По вечерам сестра часами стояла возле окна, глядя в одну точку. Как-то раз Чак подошел к ней и взял за руку. Ладонь была холодная и скользкая, как кусок подтаявшего льда. Стоял по-летнему знойный май, в комнате было жарко, и Чак от неожиданности отдернул руку. Тася повернула к нему голову и проговорила:

– Студёно? А я теперь и внутри вся такая! Корки льда на кишках, по жилам холодная кровь бежит!

И принялась смеяться. Смотрела на него и хохотала, а глаза при этом блестели от злости и непролитых слез. Чак не выдержал и выбежал из комнаты.

Тася больше не читала книг, не рисовала и не писала стихов.
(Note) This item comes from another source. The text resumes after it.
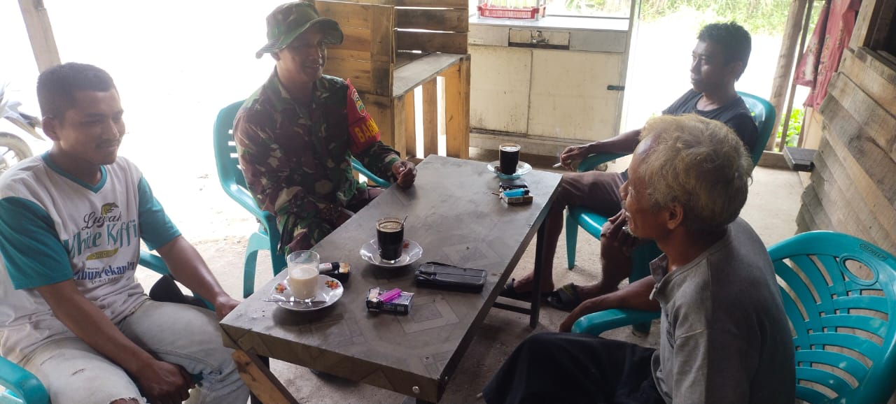 PEKANBARU (Saturealita.com)-Giat Komunitas sosial (komsos) Sertu Ucok Parluhutan Babinsa Koramil 04/Limapuluh Kodim 0301/Pekanbaru, membahas terkait ajakan kepada pemuda dan warga untuk lebih aktif melaksanakan pengetantan keaamanan lingkungan dengan cara mengaktifkan kembali Sistim Keamanan lingkungan (Siskamling)Jalan Harapan Jaya RT.05/RW.05 Kelurahan Bencah Lesung Kecamatn Tenayan Raya Pekanbaru.

В этом году сестра должна была окончить первый курс – она училась в университете, на историческом факультете, но об учебе и речи не шло, поэтому пришлось оформить академический отпуск. Врачи сказали матери, что через какое-то время Тася, возможно, сможет вернуться в университет, но никто не брался прогнозировать, когда это будет.

– Они говорят, ее умственные способности не пострадали, но пока неясно, сможет ли она усваивать что-то. А главное, захочет ли. – Мать кусала губы, голос ее дрожал. – Конечно, это совсем не важно. Учеба не главное. Лишь бы она выздоровела.

Только сестре становилось хуже. Физически Тася оправилась, но вот душевное здоровье… Ее выписали из психиатрической клиники: мать настаивала на этом, да и доктора считали, что патологий нет, а домашняя обстановка поспособствует выздоровлению. Но Чак, стыдясь своих мыслей, думал, что лучше бы Тася оставалась в больнице.

Днем Чак был в школе, дважды в неделю ходил на тренировки – три года назад увлекся боксом. Возвращался домой (хотя идти туда хотелось с каждым днем все меньше) после обеда, и до прихода матери они с Тасей были в квартире одни.

Несмотря на все ее выходки, непонятные слова и фразы, которые сестра теперь произносила не так, как раньше, а то нараспев, то отрывисто, будто не говорила, а лаяла, днем Чак ее почти не боялся. Рядом с Тасей было неловко, он находился в постоянном напряжении, но страха не было.